By default, standard endpoints support 20–200 QPS depending on index size. Real-time applications such as search bars, recommendation systems, and entity matching often require 100–1000+ QPS. On standard endpoints only, you can set a minimum QPS. Databricks provisions the infrastructure to support that throughput level when indexes are created or synced.
Important
Setting a minimum QPS provisions additional capacity, which increases the cost of the endpoint. You are charged for this additional capacity regardless of actual query traffic. To stop incurring these charges, reset the endpoint to the default configuration using min_qps=-1. Throughput scaling is best-effort and not guaranteed during Beta.
Use high QPS when:
- Your application requires more than 50 QPS of sustained throughput.
- You receive 429 (Too Many Requests) errors under normal load.
- Latency degrades as traffic ramps up, even when average utilization appears low.
Requirements
- High QPS is available for standard endpoints only. Storage-optimized endpoints are not supported.
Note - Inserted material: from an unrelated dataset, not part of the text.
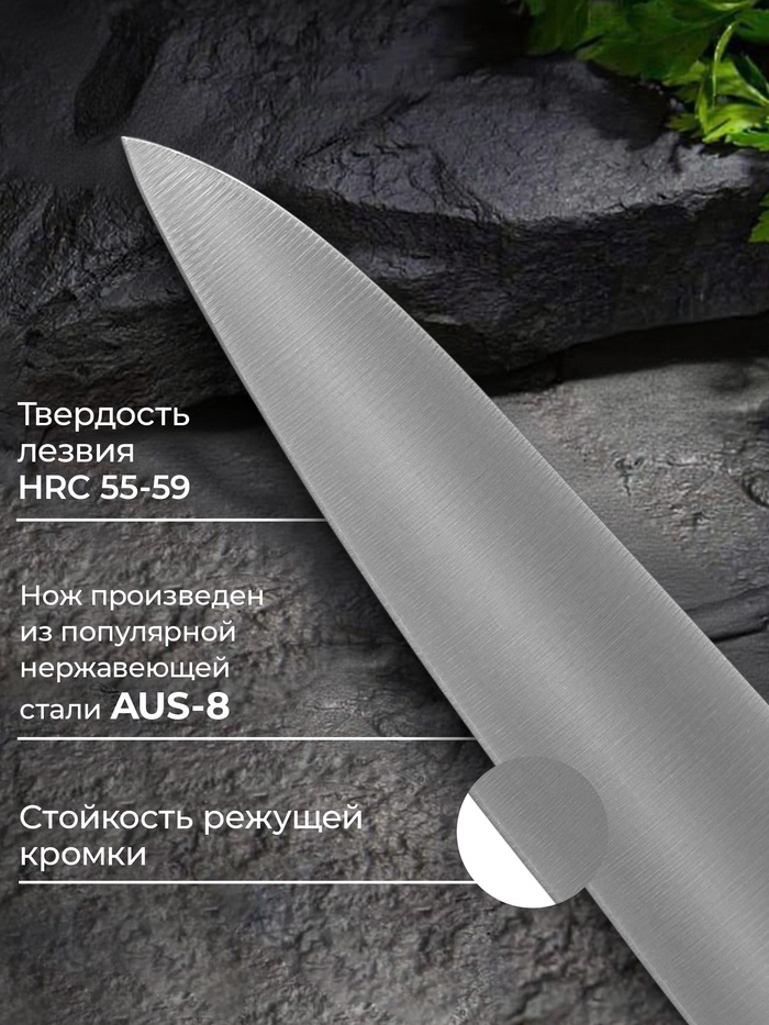 - Оптимальная длина: лезвие длиной 15,7 см идеально подходит для нарезки мяса, овощей, фруктов, хлеба и других продуктов.

- OAuth authentication is required for endpoints handling more than 70–100 QPS. Personal access tokens (PATs) are rate-limited to 70–100 QPS. See Use service principals with OAuth tokens.
Configure minimum QPS
Set a minimum QPS when creating a new endpoint or updating an existing one. The additional capacity needed to achieve the target throughput is calculated automatically the next time an index on the endpoint is created or synced. In Beta, throughput scaling is best-effort and not guaranteed: actual QPS depends on your index size, vector dimensionality, query complexity, and filter usage.
Databricks UI
When creating a new endpoint:
- In the left sidebar, click Compute.
- Click the Vector Search tab and click Create.
- Under Advanced Settings, enter the Min QPS value.
When updating an existing endpoint:
- Navigate to the endpoint detail page.
- Locate the Min QPS field in the right panel and click the pencil icon next to the current value.
- Enter the new value and click Save.
After changing minimum QPS, sync your indexes to apply the new configuration.
Python SDK
from databricks.vector_search.client import VectorSearchClient, MIN_QPS_RESET_TO_DEFAULT
client = VectorSearchClient()
# Create a new endpoint with minimum QPS
endpoint = client.create_endpoint(
name="my-high-qps-endpoint",
endpoint_type="STANDARD",
min_qps=500,
)
# Update an existing endpoint's minimum QPS
response = client.update_endpoint(name="my-endpoint", min_qps=500)
# Check scaling status
scaling_info = response.get("endpoint", {}).get("scaling_info", {})
print(f"Requested min QPS: {scaling_info.get('requested_min_qps')}")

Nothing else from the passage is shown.